Exactly. As someone who works with statistics quite a bit it is always annoying to see the common and flagrant misuse of statistics that occur every day. Most of this is because the average person really doesn’t understand statistics that well.
First of all, correlation does not mean causality when there are other independant variables. I learned this in a very early statistics class where the professor statistically “proved” that lipstick causes breast cancer.
Consider the following analysis. Go survey a large number of people who have had breast cancer and find out how many of them use lipstick. Now, go survey a large number of people (of similar age, economic bracket and so on) who don’t have breast cancer and find out how many of them use lipstick.
You will find that many more of the people with breast cancer use lipstick than people who don’t.

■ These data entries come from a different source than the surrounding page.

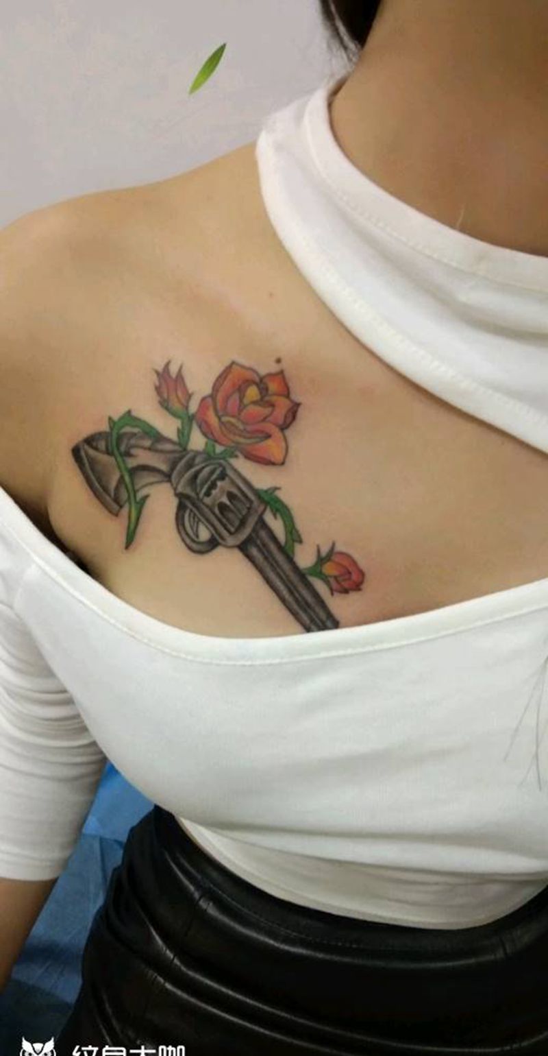 • 女性大花胸纹身_43张霸气漂亮的女性大花胸纹身图案作品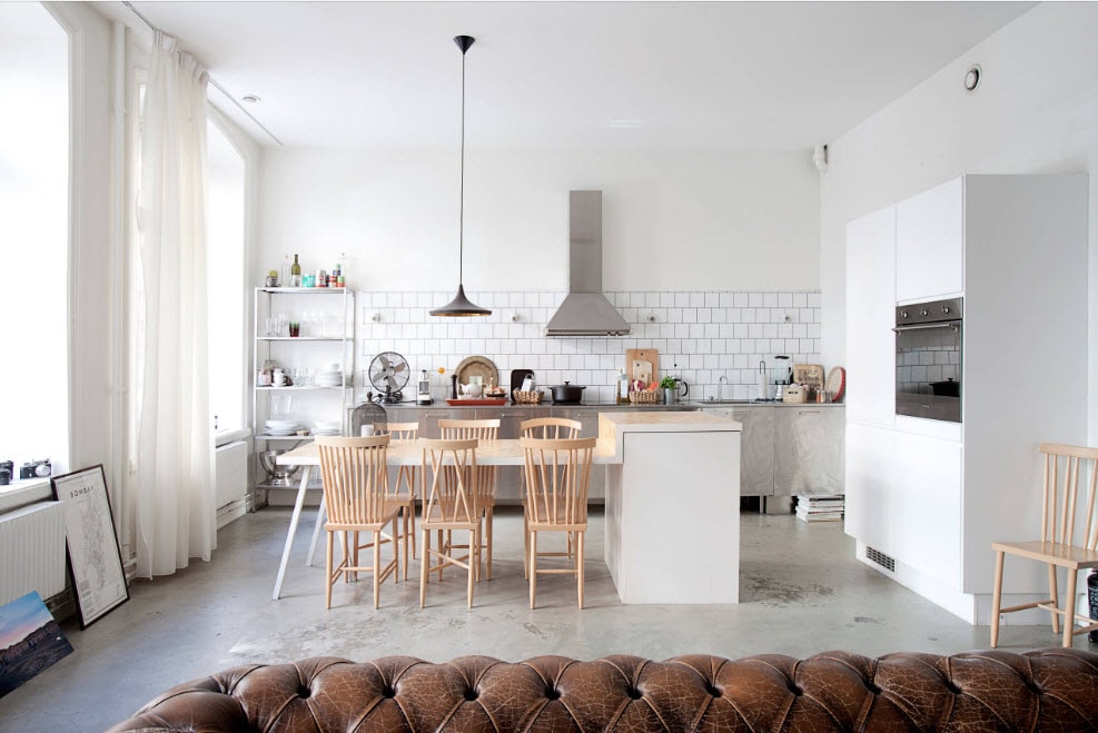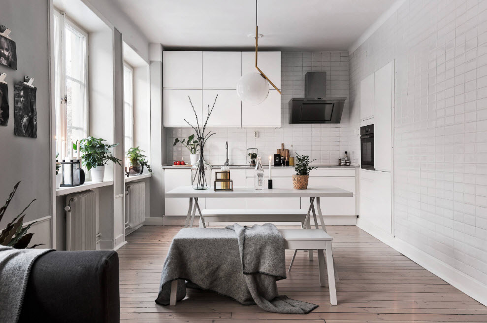 - Скандинавский. Главное отличие — любовь к белому цвету. Стены и потолок, мебель, декор — все может быть белоснежным. Поэтому прекрасно подойдет даже для маленьких кухонь.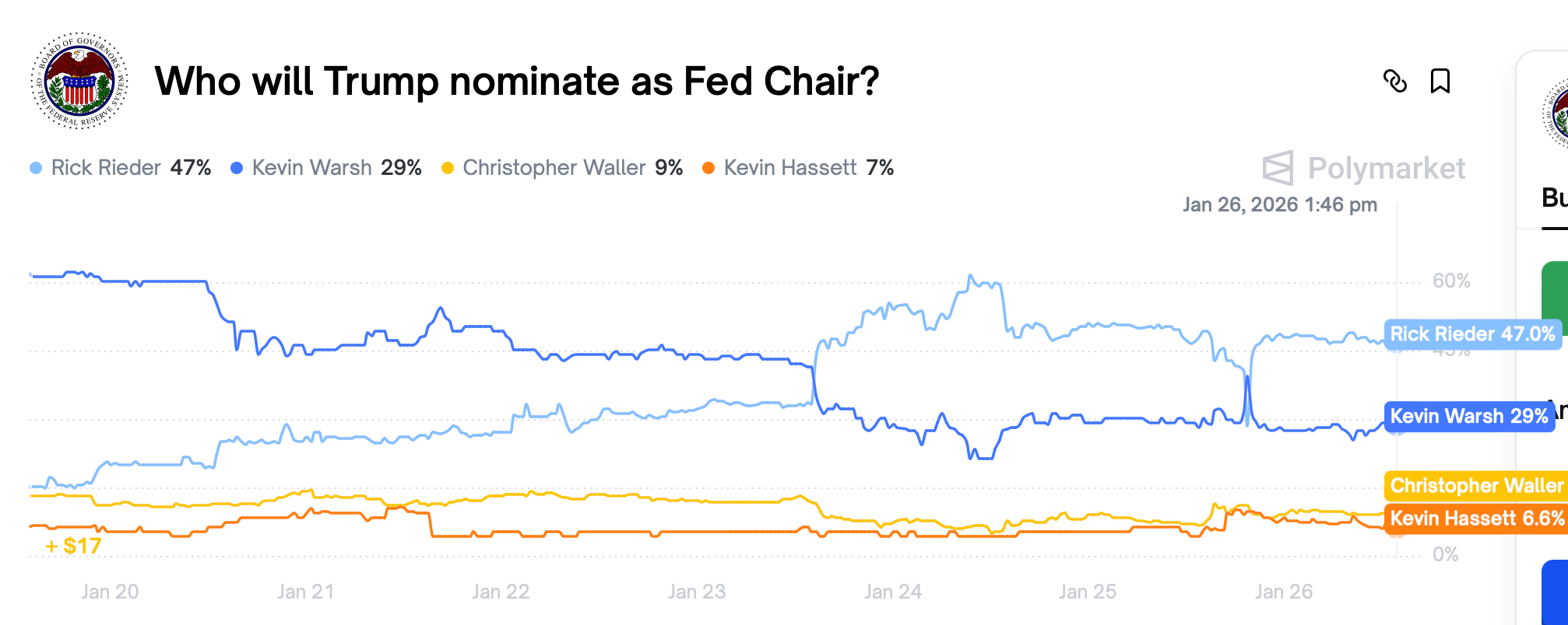 Over the past week, BlackRock executive Rick Rieder has surged into the lead as the likely nominee for Federal Reserve chair. Prediction market Polymarket shows the odds of Rieder’s ascent jumping from 16% on January 20 to 47% on January 27.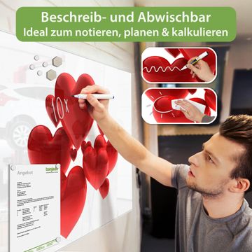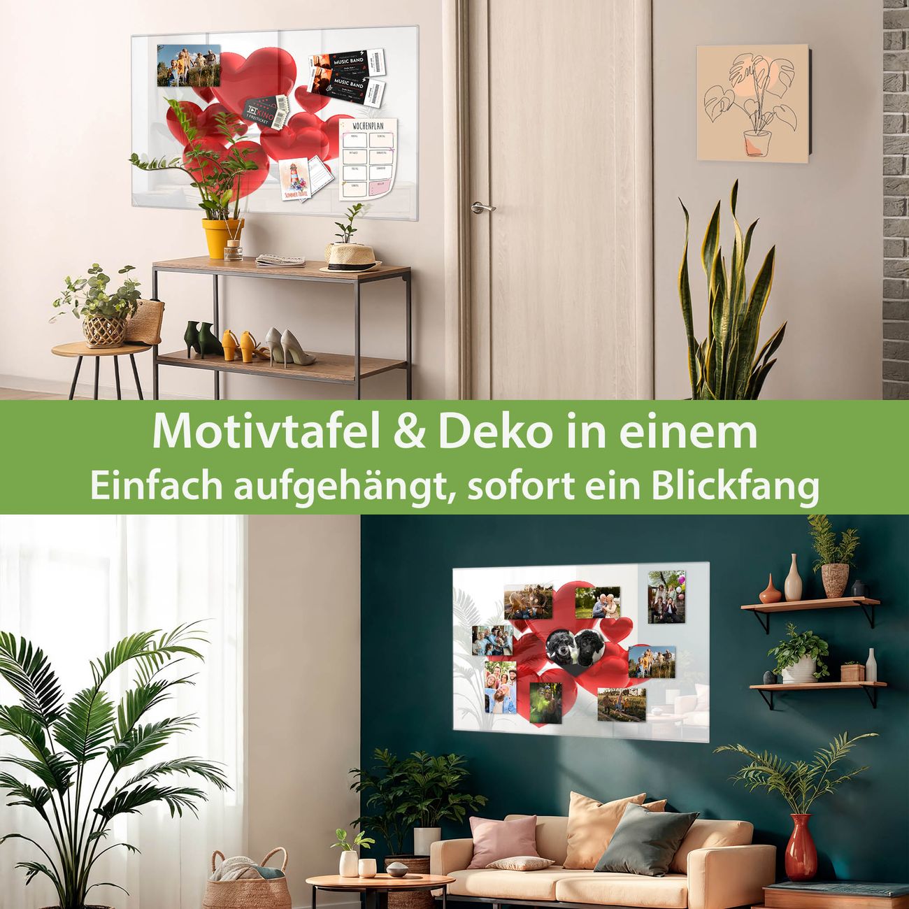 Die banjado Glas Magnettafel mit dem Motiv Motiv Fliegende Herzen verbindet Funktionalität mit Stil. Sie ersetzt das Zettelchaos durch klare Strukturen und bringt dabei eine warme, natürliche Atmosphäre in Ihr Zuhause. Ob im Büro, in der Küche oder im Eingangsbereich - dieses Design-Board zieht Blicke an und sorgt für Ordnung mit Charakter.

Therefore, there is a correlation between lipstick use and breast cancer.
Does this mean lipstick causes breast cancer. No. The analysis is flawed. Notice I never mentioned the gender of the people in the survey. The random sample with breast cancer will be mostly made up of women. The random sample of people without the cancer will contain both men and women (actually, slightly more men). Since women are more likely to wear lipstick then men, of course the sample that contains more women will have a higher percentage of lipstick users.
You can do a similar analysis to prove that after-shave lotion causes prostate cancer. The details are left as an exercise for the reader.
OK, this one is fairly obvious. But, this sort of thing happens all the time. By carefully selecting your samples and the variables you select you can imply a correlation between almost anything and anything. And it works for several reasons.
First, most people don’t realize how statistics really work. Second, most people also don’t think much beyond what they are told, especially if what they are being told reinforces beliefs they already have.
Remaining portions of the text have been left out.